Could you maybe provide some specifics and/or insight into what led you to
that conclusion? I appreciate your candor, but personal feelings aside, my
site doesn't meet the criteria for being content farm based on Wikipedia's
definition (or any other definition that I'm familiar with). And I'm not sure
why you keep making the assumption that people aren't visiting my site
directly as I never said that. At least half my traffic is from direct /
referral sources. I also have one of the more active user forums in my niche.
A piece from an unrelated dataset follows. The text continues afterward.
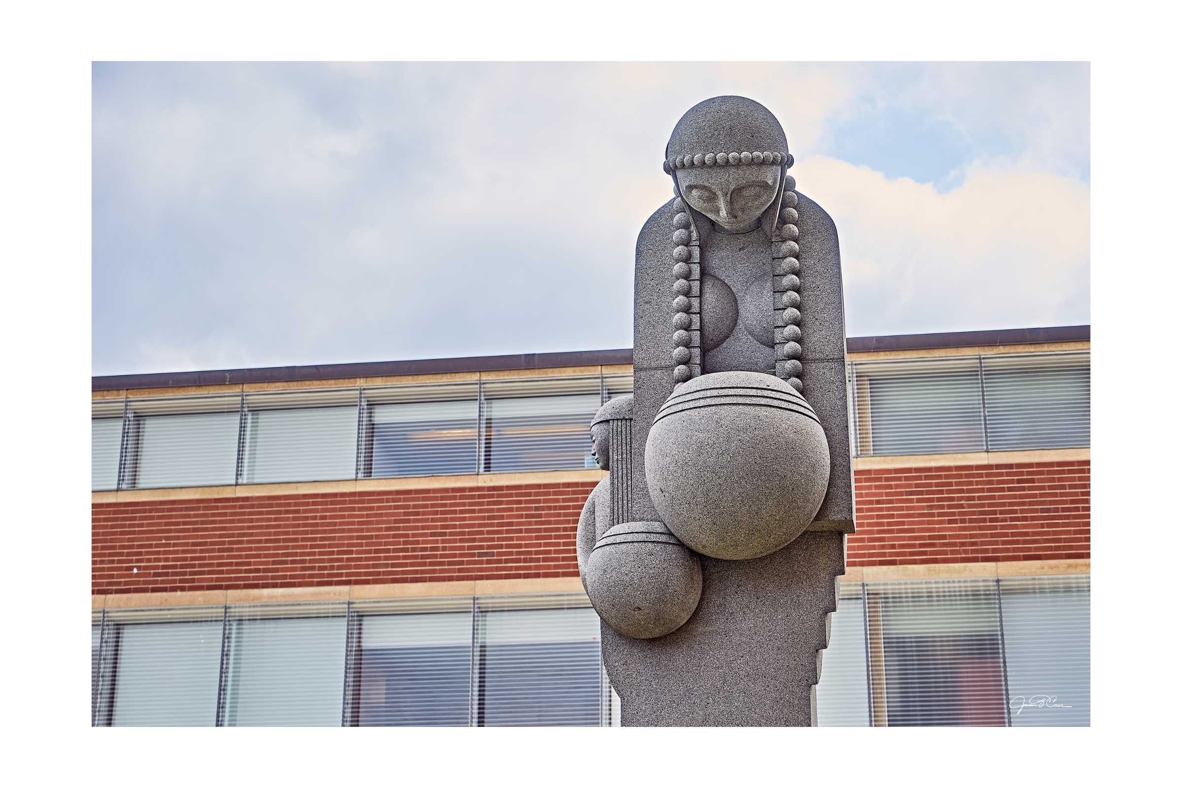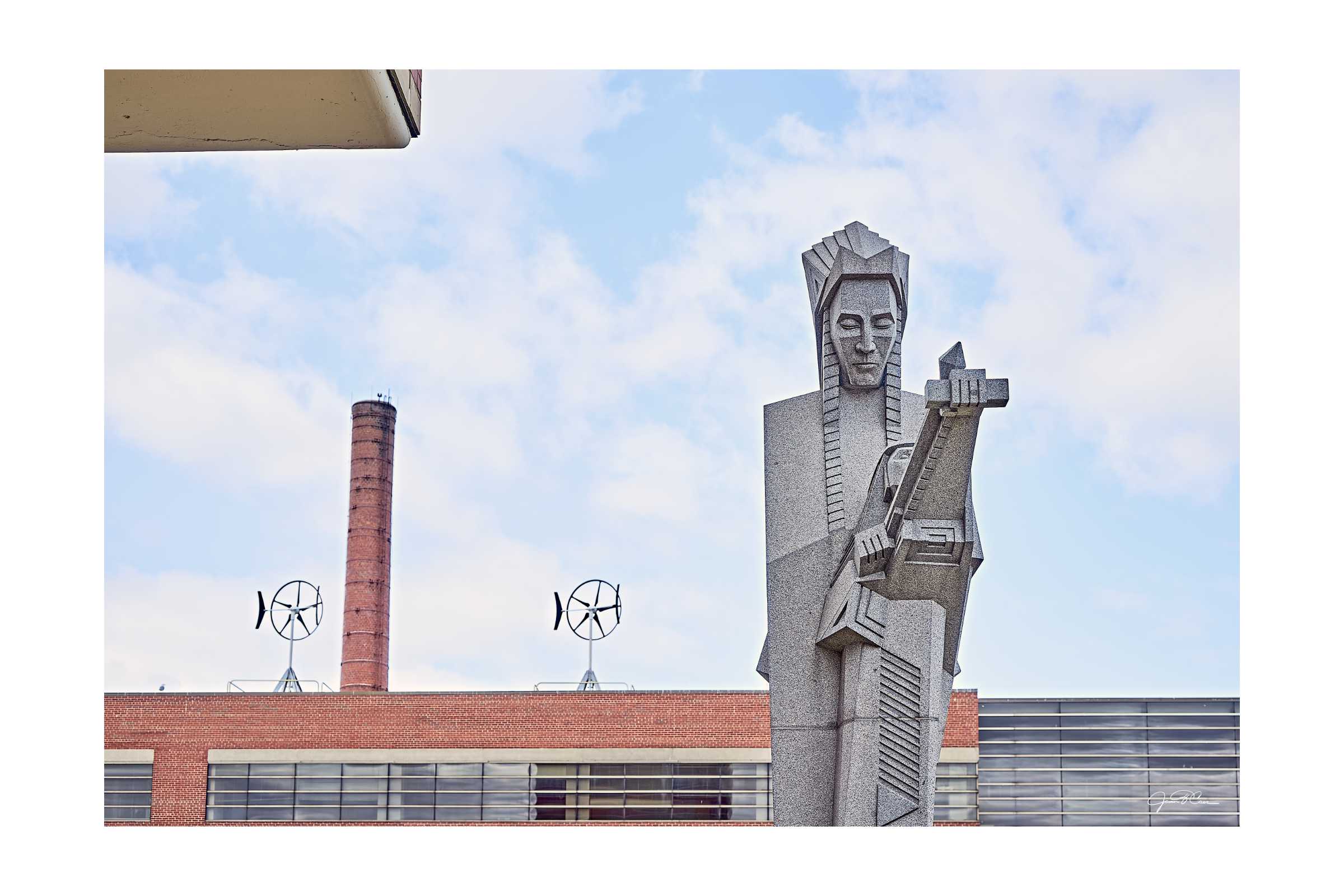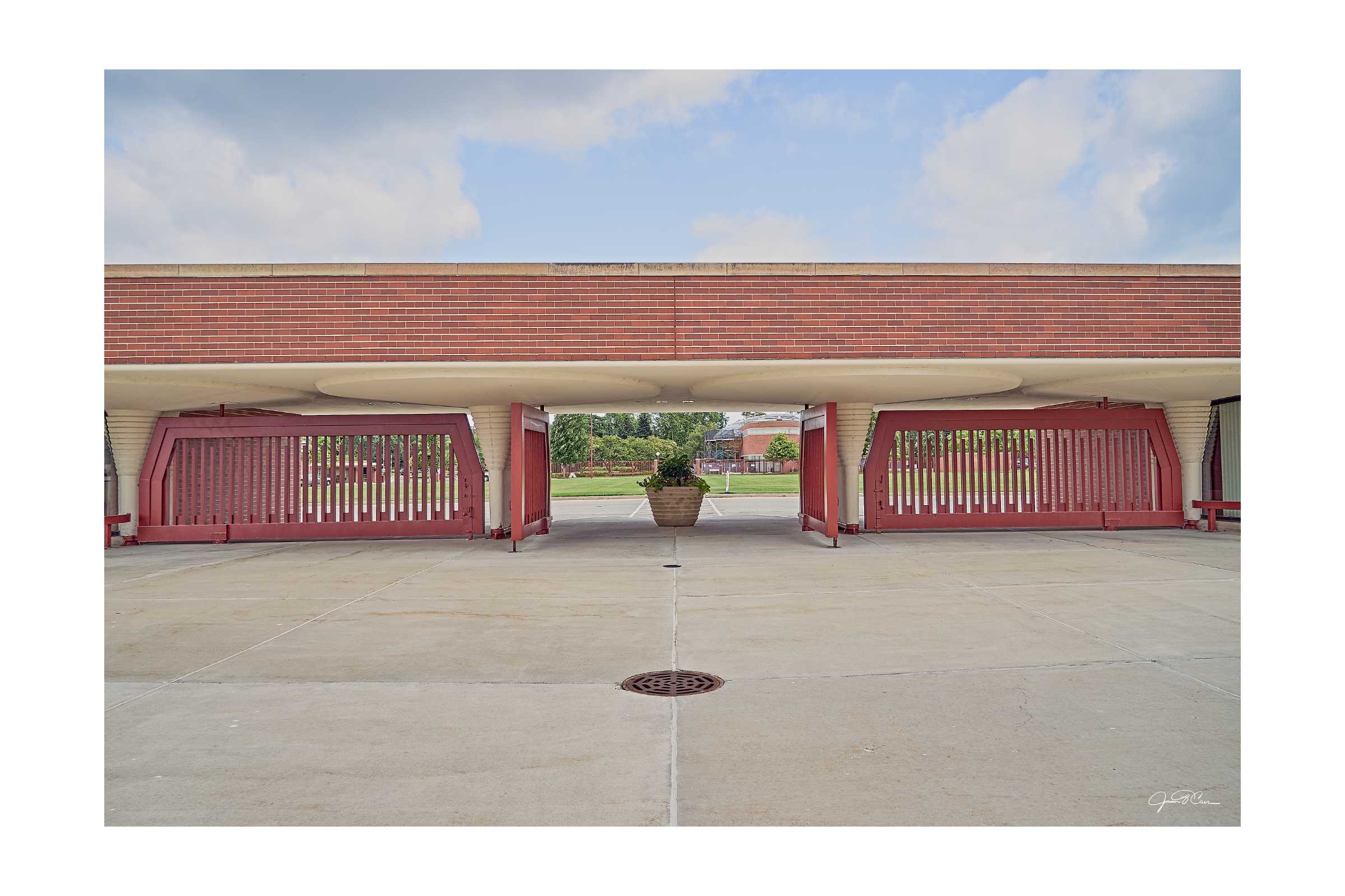 Built between 1939 (Administration Building) and 1950 (Reseach Tower), the S.C. Jonson Wax Headquarters in Racine, Wisconsin was part of Frank Lloyd Wright's re-emergence back onto the world architecture scene. Built contempraneously with Fallingwater, S.C. Johnson is radically different in materials and design, favoring brick over stone and industrial over organic. Still apparent is Wright's emphasis on the horizontal, even in the later horizontally layered Research Tower.

My site is cited by numerous museums, libraries, and reference sites as being
an authoritative source for information related to my industry. And after
reading your comment I looked through Wikipedia for several hours and my site
is one of the most commonly referenced and cited resources for my subject
matter. For example: <http://en.wikipedia.org/wiki/Baseball_cards>
<http://en.wikipedia.org/wiki/Topps>
<http://en.wikipedia.org/wiki/Upper_Deck_Company>
<http://en.wikipedia.org/wiki/Rookie_cards>

With all that said, since we cover niche news stories the length / depth of
the content is dependent on the stories themselves. For instance, if a company
releases an updated checklist for one of their sets, it may only give me
enough information to create a 200 word article. But since its information
that is both helpful and relevant to my readers, I publish it anyway. Maybe
its time to cut that portion of my business out though and double down on
other types of content so that I don't have news stories pulling the rest of
my site's content down.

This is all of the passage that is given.